As with the North Korea sanctions resolutions, these measures are designed to coordinate a floor around what countries are obligated to do, not a ceiling. The European Union, Canada, Japan, South Korea, and Australia as well as the US have subsequently promulgated rules significantly limiting Iran’s access to their financial systems.
President Obama signed the Comprehensive Iran Sanctions, Accountability, and Divestment Act (CISADA) in July 2010, which was followed by the issuance of a detailed set of guidelines by Treasury in August 2010 (the Iranian Financial Sanctions Regulations [IFSR]; the Treasury sanctions page can be found here.). The IFSR prohibits entities owned or controlled by U.S. financial institutions from benefiting Iran’s Islamic Revolutionary Guard Corps.
But like the Iran and Libya Sanctions Act of 1996—which sanctioned foreign companies investing in the Iranian oil sector–the new sanctions also have a crucial extra-territorial component. Foreign financial institutions that engage in proscribed transactions also risk having correspondent banking relations in the US curtailed; given the continuing centrality of the US to world financial markets, this is a risk that most multinational banks are unlikely to take. In the wake of the November 2011 IAEA report– on which we commented in detail–the Administration issued an Executive Order under the International Emergency Economic Powers Act (IEEPA) which further expanded secondary or extra-territorial sanctions on firms providing goods and services to the oil, gas and petrochemical sector. Again, for any major suppliers of relevant technologies the threat of such secondary sanctions poses a substantial risk.

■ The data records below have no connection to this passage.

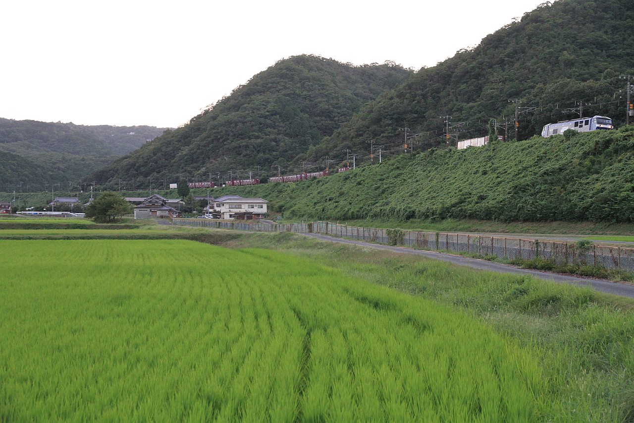 万富側の踏切近くから望遠気味で狙う構図です。
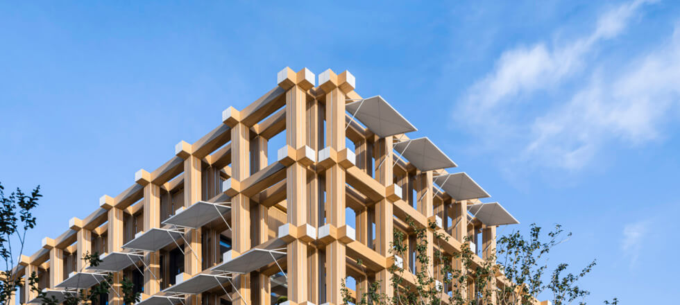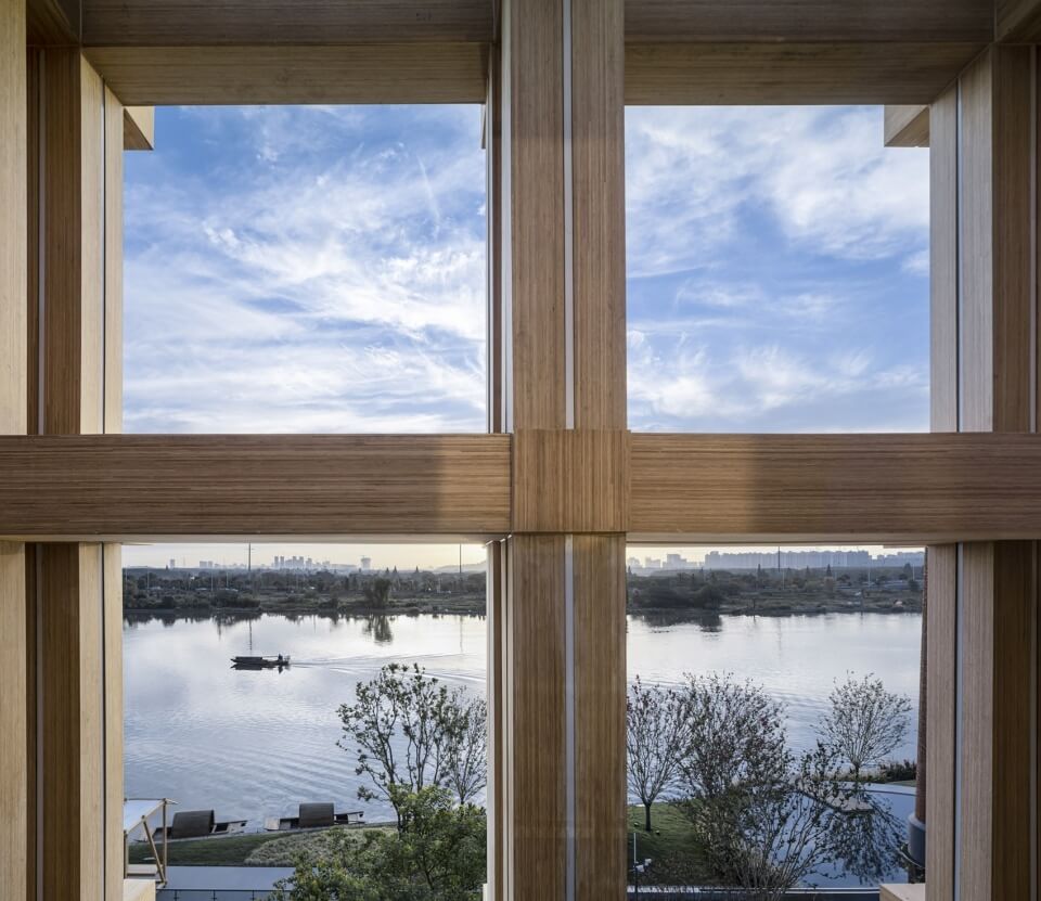 Still, they were able to apply the concept at the end. The exterior of the building is clad in recycled bamboo. The wooden planks give the Shaoxing Rice Wine Town Reception Room a warm and welcoming façade. Since the spaces are divided into cubes, it’s easier to adapt to what the project calls for.
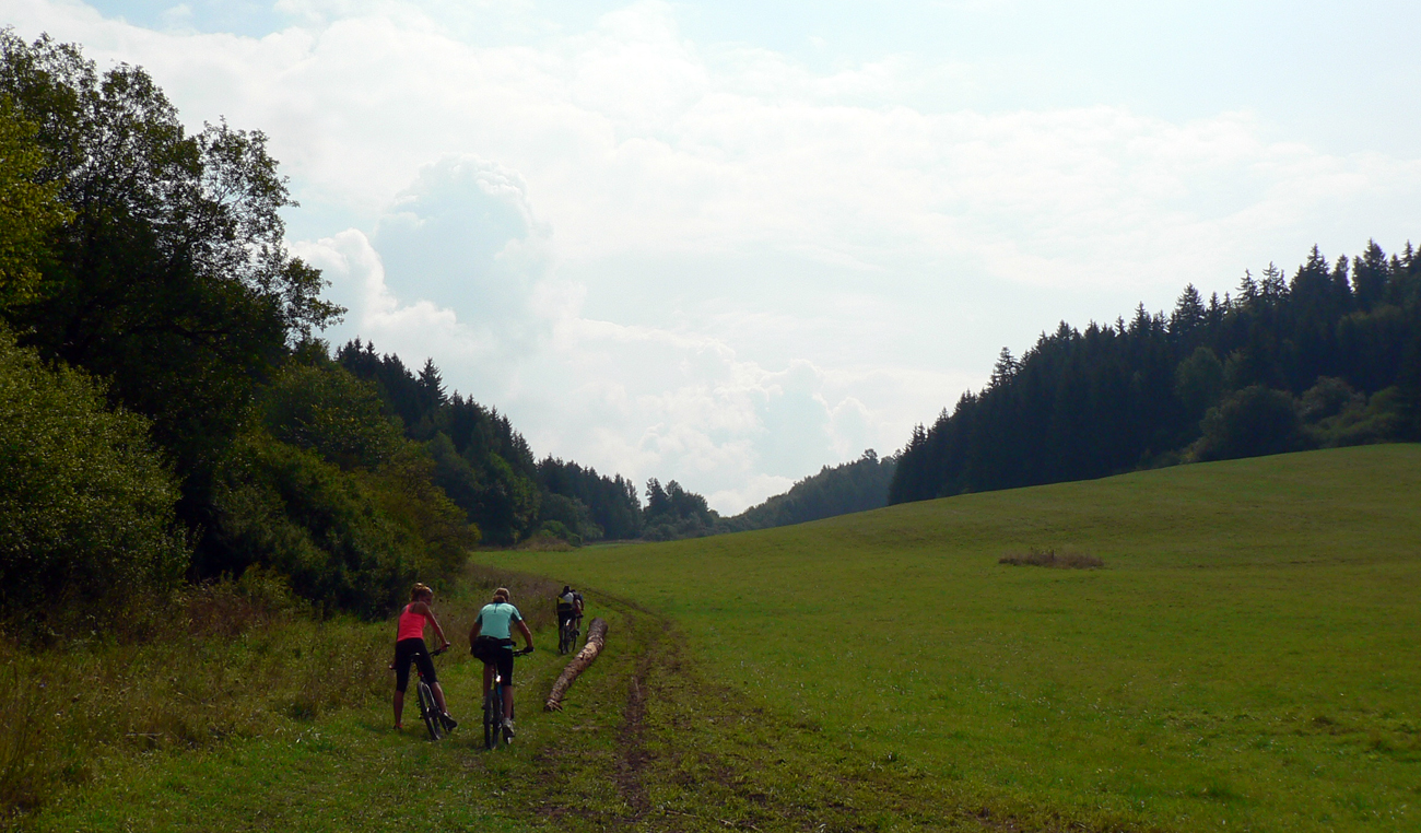 Aj je - v doline samozrejme super, aj cyklotrasa je tu natiahnutá, aj prístrešok pre výletníkov, dokonca s „parkovacími brvnami“ pre bajky. Len nechápem, prečo cyklotrasa končí už hore v doline, keď ďalej na Mažiarky, na krásne lúky nad dolinou, vedie parádna cesta. Presne tú využívam, a keď sa z lesného tunela vynáram na lúky, viem, že na dnes mám splnené. Dalo by sa ešte doľava dole do Jasenskej doliny, ale čas pokročil...

Then on February 5 of this year came Executive Order 13599 “Blocking Property of the Government of Iran and Iranian Financial Institutions”; it is worth reading. Iranian banks—including the Iranian Central Bank—naturally tried to circumvent all of the sanctions outlined above by hiding proscribed transactions. The new executive order not only blocks transactions but actually freezes the assets of these institutions in the US.
But perhaps the body blow to the Iranian financial system is coming from the Europeans. Following an EU Council decision, it was clarified that the EU sanctions extend to the operations of the Society for Worldwide Interbank Financial Telecommunication or SWIFT because it is incorporated in Belgium; SWIFT posted a short, almost stunned, announcement on its website in mid-March. This member-owned entity provides the technical platform for the exchange of financial information among over 10,000 banks and thus provides a crucial complement to the international clearing system. In effect, as of March 17, 30 major Iranian banks now face substantial—even debilitating—hurdles in conducting everyday business with their foreign counterparts.
The New York Times’ Rick Gladstone wrote an intelligent piece capturing some of the effects these sanctions are having; we extend the list here.
- As in Venezuela, North Korea and other closed economies, Iran maintains an official exchange rate (12,260 rials to the dollar); access to foreign exchange at this rate is obviously rationed. The black market rate has been pushed to about 19,000 rials to the dollar. Similar dynamics are visible in North Korea.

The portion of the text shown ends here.